35 34. Device according to one of claims 30 to 33, characterized in that at least one self-test (148) and / or self-diagnosis for functional testing of the sensors, electronic circuits, electrical module connections, memory, interfaces or the like is provided, preferably in the failure of a Test function on 0 Fault program executed, alarm signaled and / or locked system or subsystem is activated. 35.Vorrichtung according to any one of claims 30 to 34, characterized in that at least one means (138) for reducing the power consumption and / or energy consumption, preferably a cycle timing and / or voltage control of the system 5 is provided, preferably permanent, periodic or timed controlled to be set for each unused system components in a power / energy saving operating mode. 36.Vorrichtung according to any one of claims 30 to 35, characterized in that at least one switch (134) is provided for switching between one or more sensor (s) between feature recording and parameter detection, wherein the switching is preferably carried out by electronic switches. 37. Device according to one of claims 30 to 36, characterized in that 5 that at least one parameter sensor (92) and / or feature sensor (91):

(a) is designed as a capacitive, optical, thermal, acousto-optic and / or preferably acoustic sensor with a plane or curved support surface (102),

(B) are arranged in a matrix-like or line-like manner on a preferably flexible common substrate and / or joined together, wherein the test object is approximately evenly covered or scanned, and / or

(c) is formed with a quenched surface and / or tempered support surface, preferably scratch-resistant and / or break-resistant.

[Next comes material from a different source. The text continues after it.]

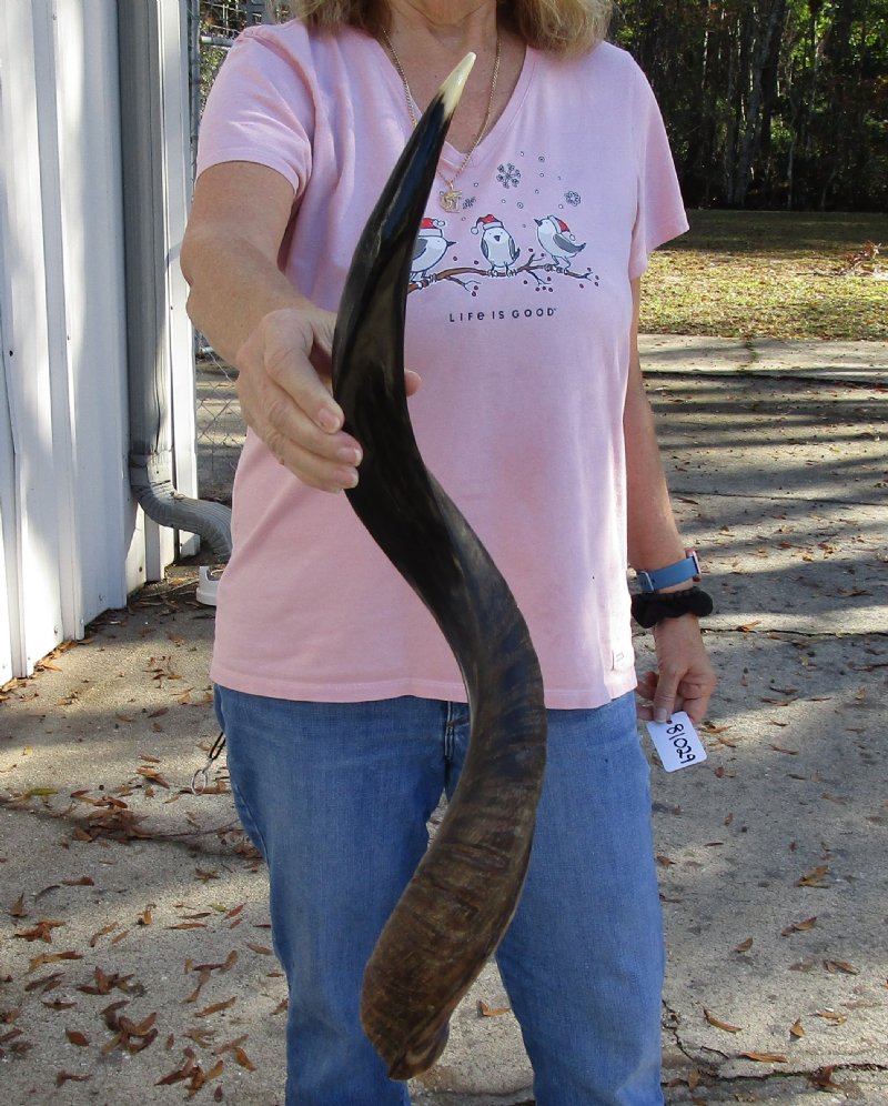 Polished Kudu horn for sale (Tragelaphus strepsiceros / Greater Kudu) imported from South Africa, measuring approximately 29 inch, measured around the curl of the horn - not straight.   review photos. Kudu horns are used in making shofars, blowing horns, kudu horn instruments, furniture legs, lamps, sconces, knife handles, cane handles, inlaid crafts and numerous other taxidermy crafts. Our African kudu horns are by-products of the farming industry and the African Government culling programs. The kudu horns have been professionally cleaned in Africa and cleared for entry into the United States by the U.S. Fish and Wildlife Service and U.S. Customs. We are direct importers of African wildlife products and have all Federal and State licenses.

38.Vorrichtung according to any one of claims 30 to 37, characterized in that 5 at least one controlling and / or computing unit as digital and / or analog

Calculator circuit, microcomputer, signal processor, programmable logic or the like is executed. 39. Device according to one of claims 30 to 38, characterized in that at least one energy-absorbing and / or energy-dissipating device, preferably metallizations and / or dampers for reducing the energy transfer between the system and / or system components and other devices, in particular of mechanical energy , electromagnetic energy, electric field energy and / or their

Interference is provided. 40.Vorrichtung according to any one of claims 30 to 39, characterized in that the device is a logical and / or physical component of at least one other, in particular mobile device, data carrier, electronic document, information system,

Terminal, digital card, chip card or the like, and at least one, preferably wireless interface, in particular for the transmission of energy and / or

Information is connected and / or connectable.